Exercise: If the records below hold pictures, omit them, and print exactly the lines from the first line through the line containing "Мужчины переодевались в", inclusive.

Data provided:
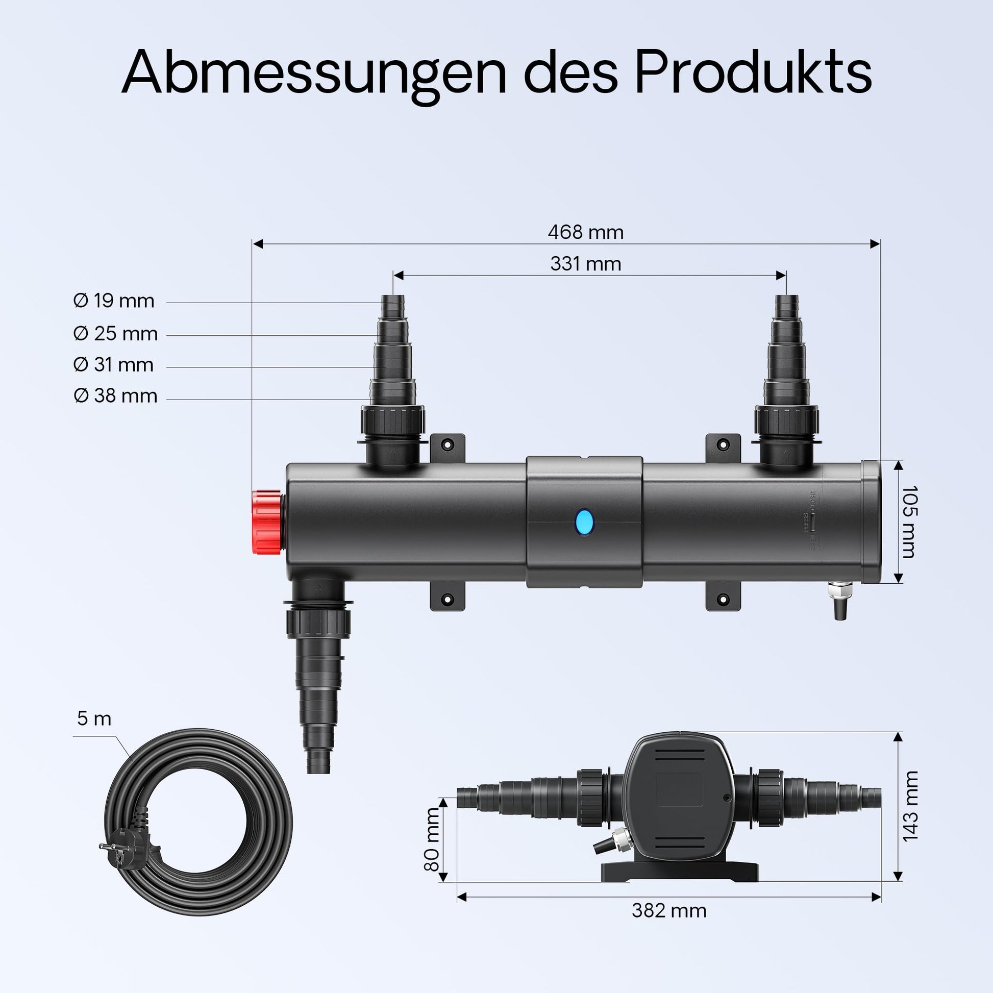 "Easy integration - Thanks to universal connections, effortless installation into any existing pond system is possible, without additional complications or changes to the existing setup."]
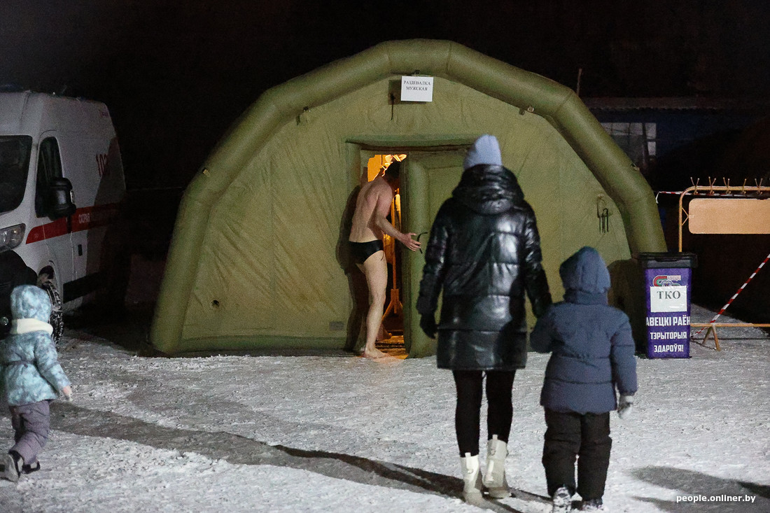 Мужчины переодевались в надувной раздевалке, потом трусцой подбегали к купели, напоминающей бак с водой, быстренько окунались, крестились перед иконой и шли греться в баню. На обратном пути мы остановили парня в плавках с надписью Boss. Им оказался блогер портала Slivki.by Вадим Витковский.
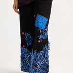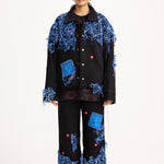 This entirely handmade piece is a delicate juxtaposition of love’s outward beauty and the inner chaos of emotions. Crafted with intricate metal buttons and tags, it mirrors the tangled thoughts and dilemmas one faces in the journey of love. The handwoven fabric by fourth-generation artisan Pramod ji serves as a canvas for this emotional narrative, with free edges and artistic detailing that evoke a sense of turmoil beneath the surface. Though adorned with soft floral elements, the design subtly hints at the storm brewing within—a chaotic dance of feelings that is as raw as it is beautiful. The blue tones and handcrafted flourishes capture the unpredictability of love, making this shirt not just an artistic garment but a wearable expression of emotional complexity.
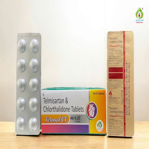 | Description: | TELOSAF-CT 40/6.25 Tablet is a combination of Telmisartan 40 mg and Chlorthalidone 6.25 mg. It is used for the management of hypertension (high blood pressure) in patients who require combination therapy. Telmisartan relaxes blood vessels by blocking angiotensin II receptors, while Chlorthalidone helps remove excess fluid and salt from the body, enhancing blood pressure control. |
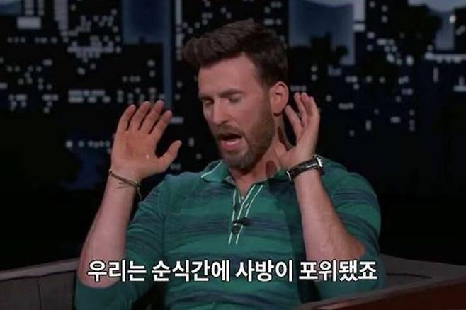 크리스 에반스는 "엄청 커다란 25~30명쯤 되는 남자분들이 모두 슈트를 입고 제 주위를 둘러싸 양쪽에서 제 손을 잡고 공항까지 데려다주셨다. 그런데 공항에 팬이 한 명도 없었다"고 말해 웃음을 자아냈습니다.
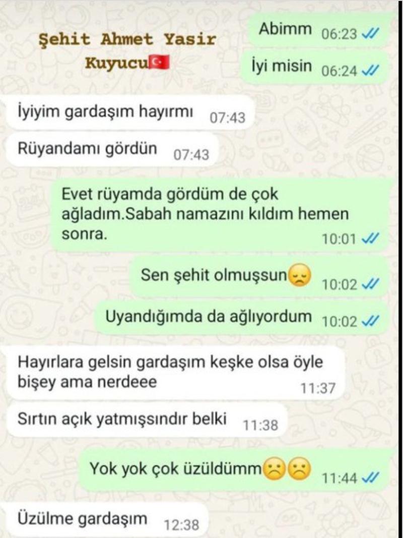 Kuyucu'nun, kendisinin şehit olduğunu rüyasında gördüğünü telefonda mesajla ileten kardeşine "Hayırlara gelsin kardeşim, keşke olsa öyle bir şey ama nerede." diye karşılık verdiği görüldü.

Solution:
 "Easy integration - Thanks to universal connections, effortless installation into any existing pond system is possible, without additional complications or changes to the existing setup."]
 Мужчины переодевались в надувной раздевалке, потом трусцой подбегали к купели, напоминающей бак с водой, быстренько окунались, крестились перед иконой и шли греться в баню. На обратном пути мы остановили парня в плавках с надписью Boss. Им оказался блогер портала Slivki.by Вадим Витковский.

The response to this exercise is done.